I remember one time I was doing a speech in front of the entire class, which holy hell I hated doing, and as I stood up there I was shuffling back and forth on my feet. And he mocked me, in front of the entire class. “Why are you shuffling? You look crazy!!” I’m shuffling, SIR, because I am extremely nervous about public speaking in front of my peers. You’re mocking me does not help matters, because now I’m overly conscious of my feet and I’m forgetting the words to my speech.

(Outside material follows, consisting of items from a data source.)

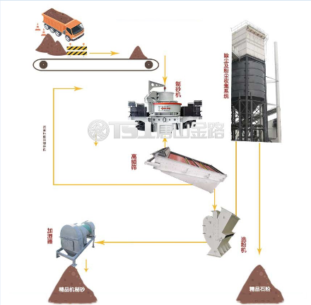 物料首先從原料倉(cāng)經(jīng)過電子秤進(jìn)入到皮帶輸送機(jī)中,再由提升機(jī)將物料入到制砂機(jī)內(nèi)進(jìn)行破碎處理,破碎后的物料進(jìn)入高頻篩中進(jìn)行篩分,篩分后的較大物料會(huì)返回制砂機(jī)內(nèi)進(jìn)行二次破碎,符合要求的砂子則會(huì)進(jìn)入選粉機(jī)中進(jìn)行選粉處理,產(chǎn)生的粉塵會(huì)經(jīng)由粗細(xì)粉分離機(jī)進(jìn)入到布袋收塵器。最后,篩分選粉合格的產(chǎn)品會(huì)進(jìn)入加濕拌合機(jī)進(jìn)行加水處理,防止機(jī)制砂在運(yùn)輸過程中產(chǎn)生離析或揚(yáng)塵。
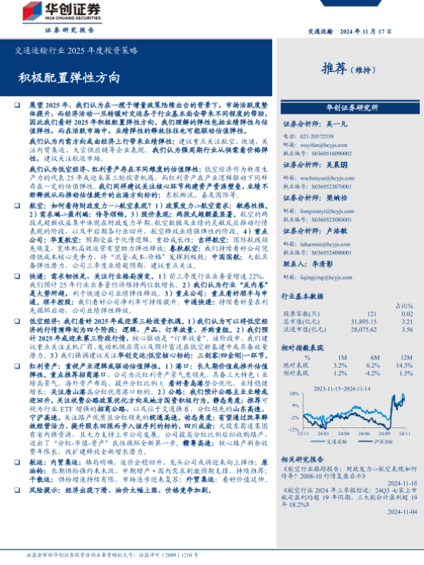 【华创证券】【20241117】交通运输行业2025年度投资策略:积极配置弹性方向-37页
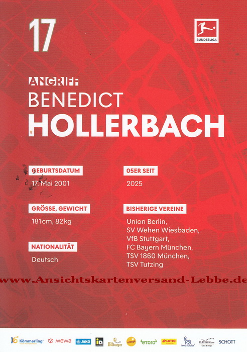 Benedict Hollerbach * 17.5.2001 Starnberg - 2025/2026 1. FSV Mainz 05
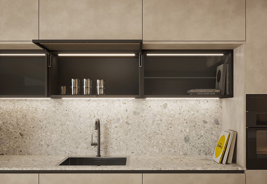 Los acentos en negro continúan, pero ganan terreno los metales cálidos (latón, cobre cepillado) y los tonos piedra, que armonizan con encimeras minerales y revestimientos con relieve.
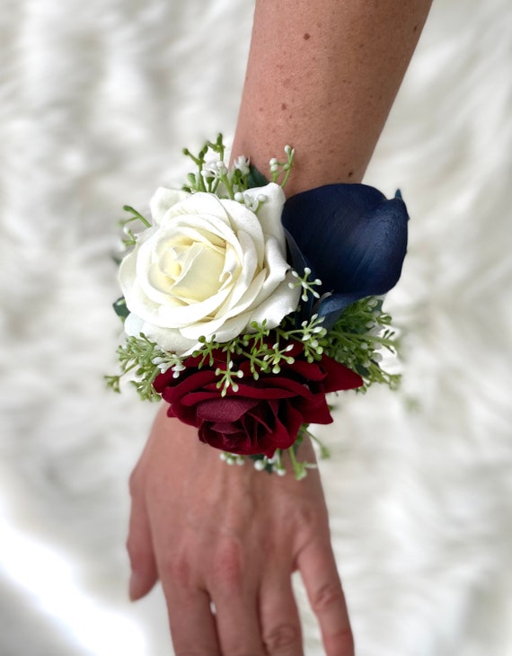 Burgundy and Navy Wrist Corsage Burgundy Corsage Rose Wrist Corsage Burgundy Corsage Navy Corsage Mother Wrist Corsage Wedding Wrist Etsy UK Very well made.
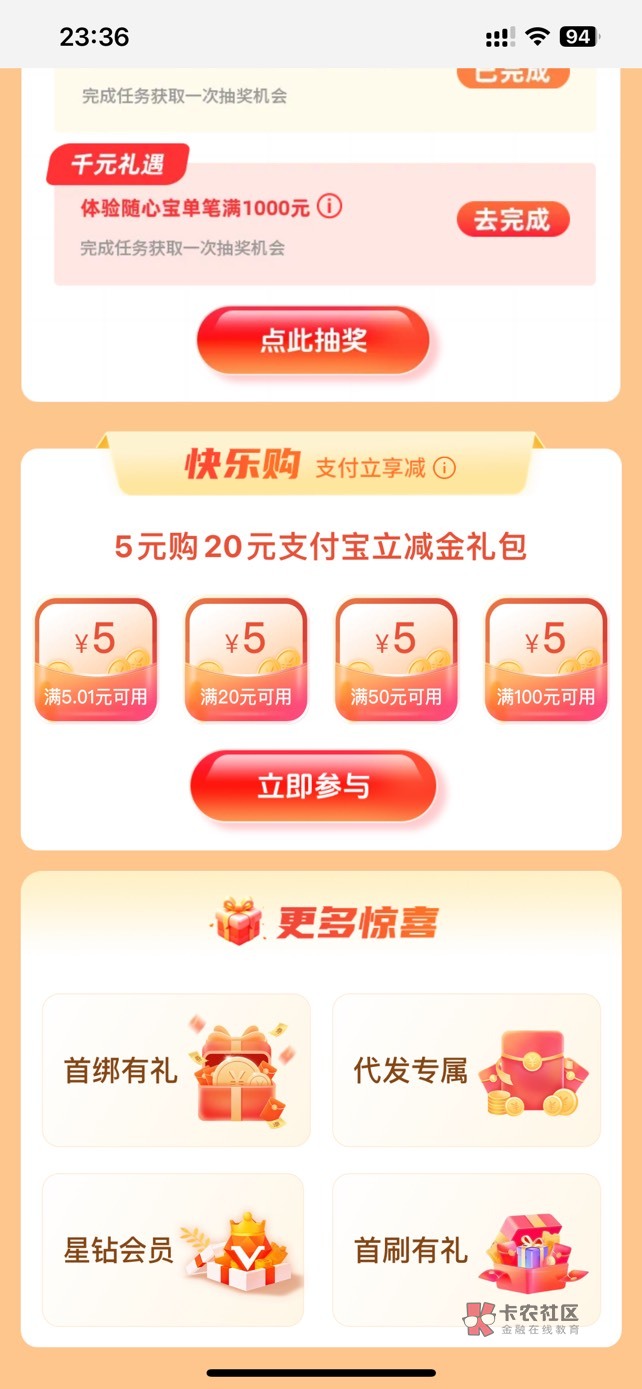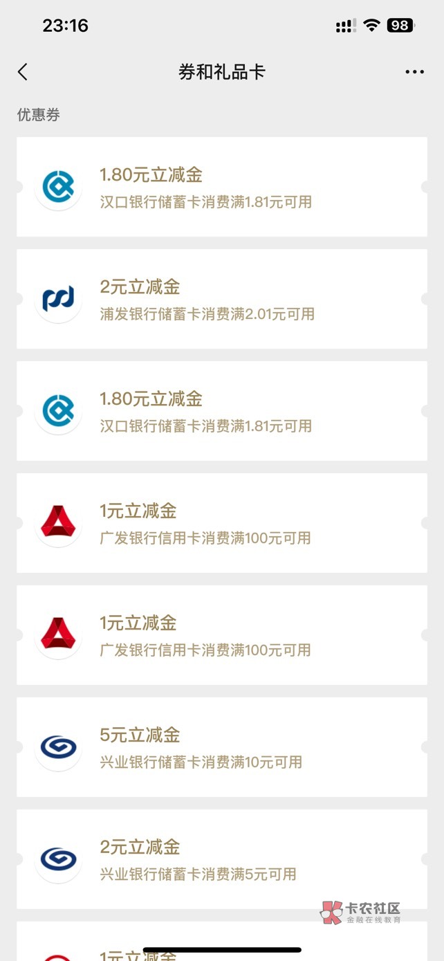 没羊毛发个冷门毛吧。汉口银行最低1.8最高50E卡,打卡1 4 7 天都能抽奖。我刚中两个低保。
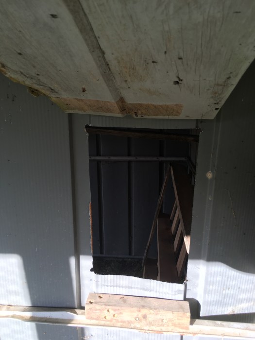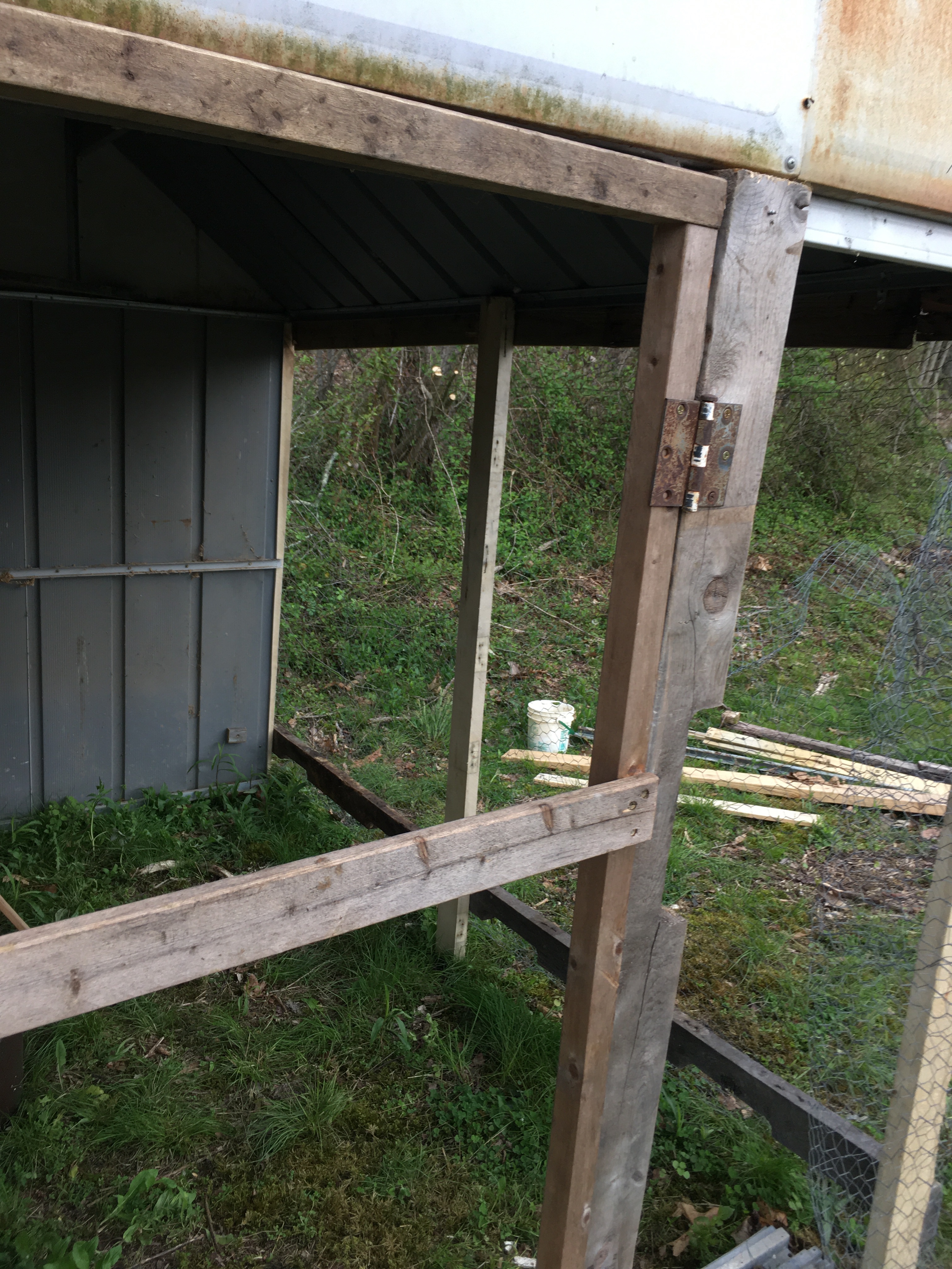 Since the wood also needed to act as a surface to which I could staple the chicken wire, I also had to add wood in areas where I didn’t actually need it for support, such as along the roof line. For these areas, I used pallet wood decking, as they didn’t need to be as sturdy. The roof line already featured a piece of metal with holes in it that originally held the metal siding, so I just screwed the wood to that.
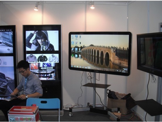 在此次展會中,德凱環(huán)球以“引領(lǐng)商用視屏——創(chuàng)造時尚與價值”為企業(yè)目標(biāo),以“時尚、 科技、 簡約”的產(chǎn)品設(shè)計理念,帶來的多款新品吸引了眾多參展人員的關(guān)注。德凱環(huán)球商用視屏共分五大系列:數(shù)字標(biāo)牌/廣告機(jī)、超高亮高清商用電視、多功能移動商用屏、觸摸一體機(jī)、WHDI互動商用大屏。這次展會中展示的40寸/46寸/55寸多功能移動商用屏和高清高亮70寸數(shù)字標(biāo)牌兩款新品,可謂是賺盡了大家的眼球。

We also had this part of English class where we had to read aloud. We were reading this book…I don’t even remember what it was; I only remember that one of the characters was named “Cynthia”. I could not for the life of me pronounce “Cynthia”, I would start reading, get to a line with that name, and just start sputtering, “Ththia”, “Cytia”. I did not have any kind of speech impediment when I talked normally, but for whatever reason, I had issues with reading in front of the class. Of course, the first time it happened, everyone in the class found it hilarious. Which looking back, it kind of is, but I was mortified. BUT THEN, everytime Mr.X would see the name “Cynthia” coming up in a paragraph, he would stop whoever was reading, and be like “Megan, your turn”. So then I would be forced to lisp my way through the word “Cynthia” and everybody would laugh. Everytime. Eventually I caught on and just skipped right over that name, but god, I hated him for doing that.

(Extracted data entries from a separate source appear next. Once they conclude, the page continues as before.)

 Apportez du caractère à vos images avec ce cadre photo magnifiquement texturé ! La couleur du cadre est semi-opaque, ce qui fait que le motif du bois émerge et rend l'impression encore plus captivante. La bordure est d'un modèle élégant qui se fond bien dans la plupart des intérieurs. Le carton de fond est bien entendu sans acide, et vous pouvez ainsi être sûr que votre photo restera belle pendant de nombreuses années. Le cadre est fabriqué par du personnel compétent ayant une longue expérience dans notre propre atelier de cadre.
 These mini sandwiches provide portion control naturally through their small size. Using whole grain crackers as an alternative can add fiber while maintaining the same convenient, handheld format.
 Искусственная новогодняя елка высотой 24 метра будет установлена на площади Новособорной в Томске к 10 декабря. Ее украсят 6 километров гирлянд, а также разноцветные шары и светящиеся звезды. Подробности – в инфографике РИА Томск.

He also had days where he would pick on the shy kids. They would actually be called “pick on __” day. We’d be getting ready to go for the day, and he would be like “don’t forget guys, tomorrow is pick on ___ day!” I don’t even remember what the pick on ___ days actually involved because I’ve completely blocked them from my mind.

One time it was the dead of winter, and he made one of my shy friends go stand outside the portable door with no coat or anything. He locked the door, telling her, “when I can hear you yell ‘let me in’ from the front of the classroom, somebody will unlock the door”. She was out there forever screaming “LET ME IN!” She was so freaking embarrassed. Like, I don’t know if that was his way of combating shyness, but what the hell teacher college did you go to Mr. X?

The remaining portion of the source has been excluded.